TASK TO COMPLETE:
From the line containing "- 元素e进队的操作:先将r" to the last line of the data below, copy everything exactly and nothing else; pictures stay out.

COLLECTED DATA:
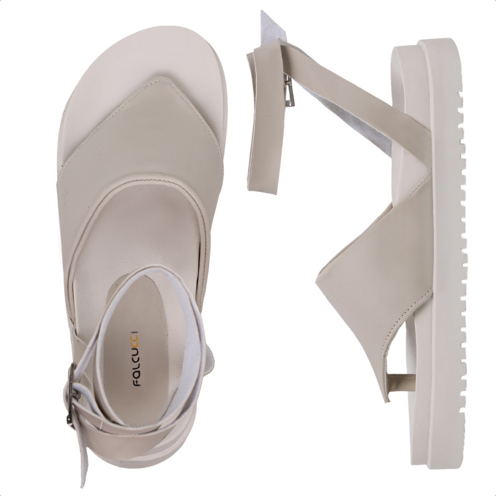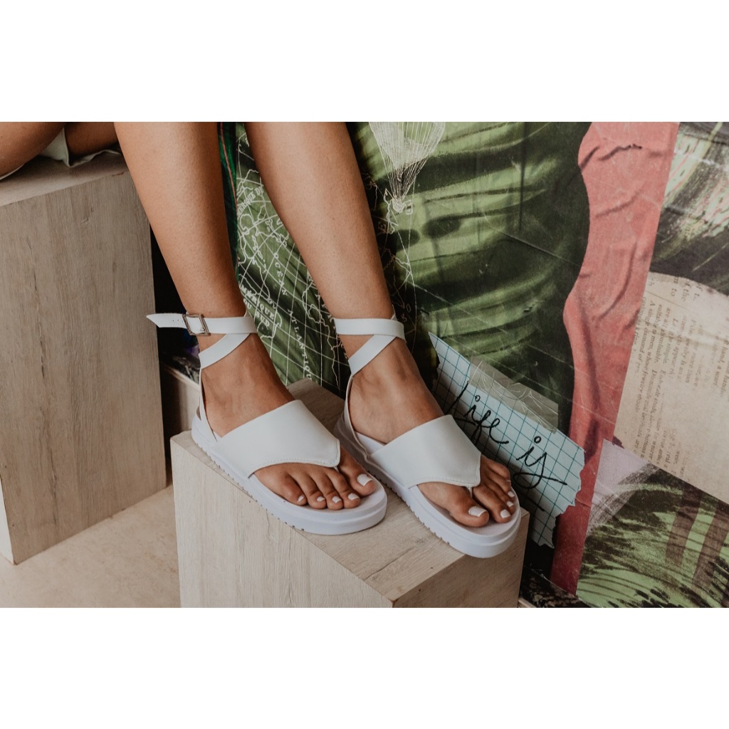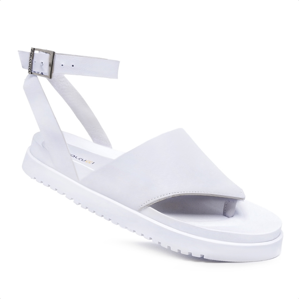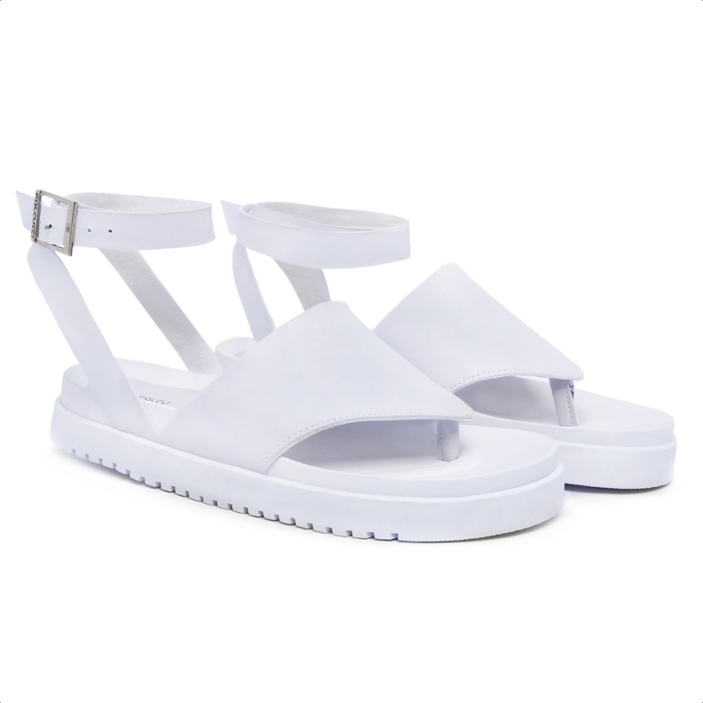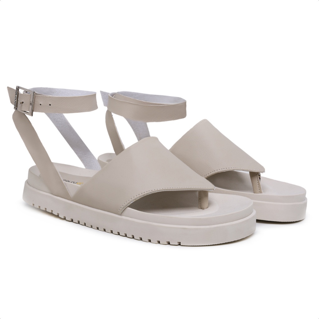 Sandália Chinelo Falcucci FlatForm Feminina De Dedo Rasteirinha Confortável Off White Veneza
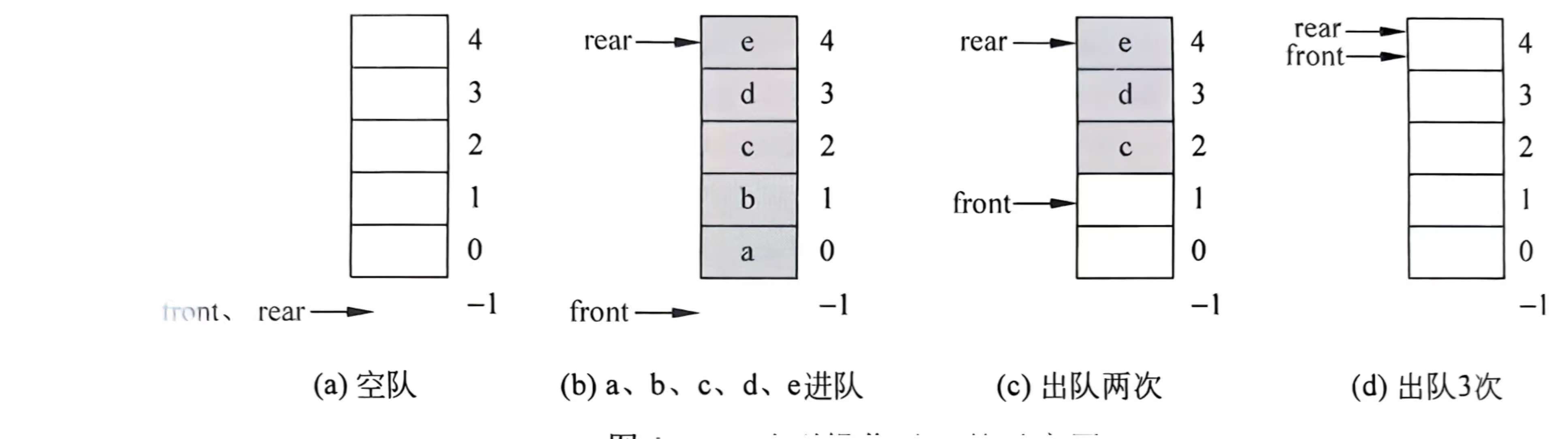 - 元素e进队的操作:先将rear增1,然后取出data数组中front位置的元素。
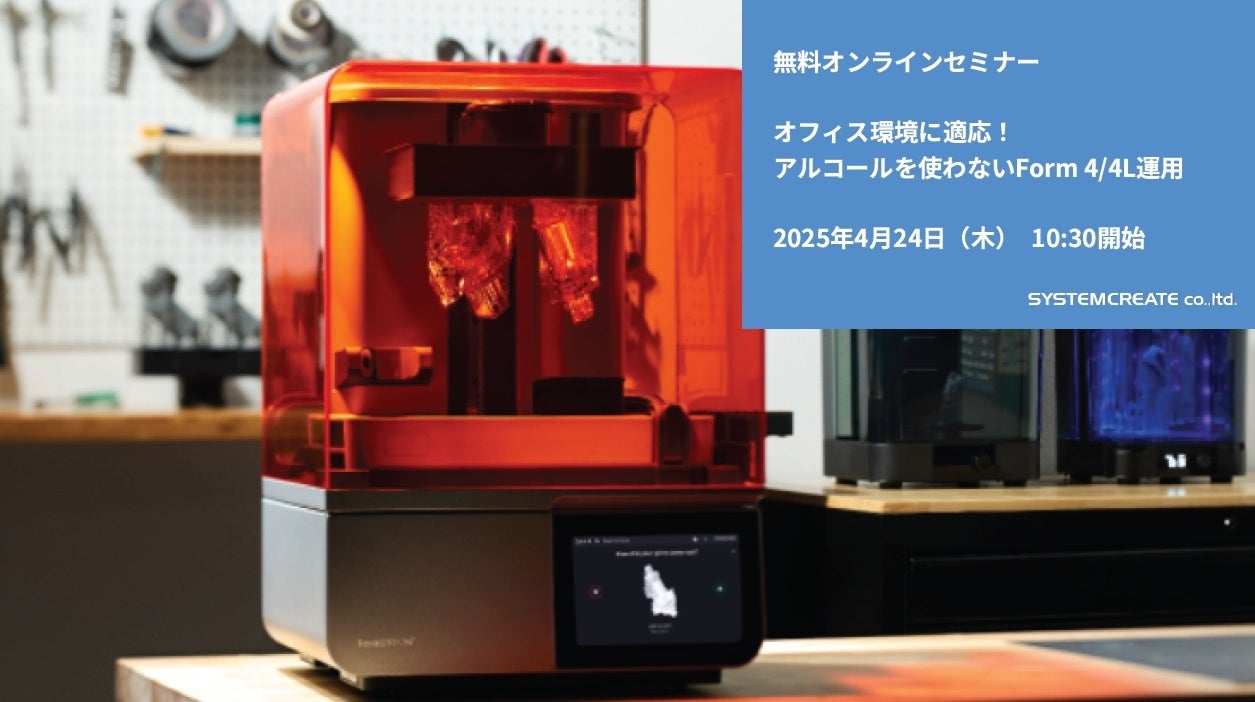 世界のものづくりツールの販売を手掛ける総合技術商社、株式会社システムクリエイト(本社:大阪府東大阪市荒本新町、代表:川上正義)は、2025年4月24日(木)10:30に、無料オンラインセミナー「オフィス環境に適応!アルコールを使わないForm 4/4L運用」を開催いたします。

OUTPUT FOR THIS TASK:
 - 元素e进队的操作:先将rear增1,然后取出data数组中front位置的元素。
 世界のものづくりツールの販売を手掛ける総合技術商社、株式会社システムクリエイト(本社:大阪府東大阪市荒本新町、代表:川上正義)は、2025年4月24日(木)10:30に、無料オンラインセミナー「オフィス環境に適応!アルコールを使わないForm 4/4L運用」を開催いたします。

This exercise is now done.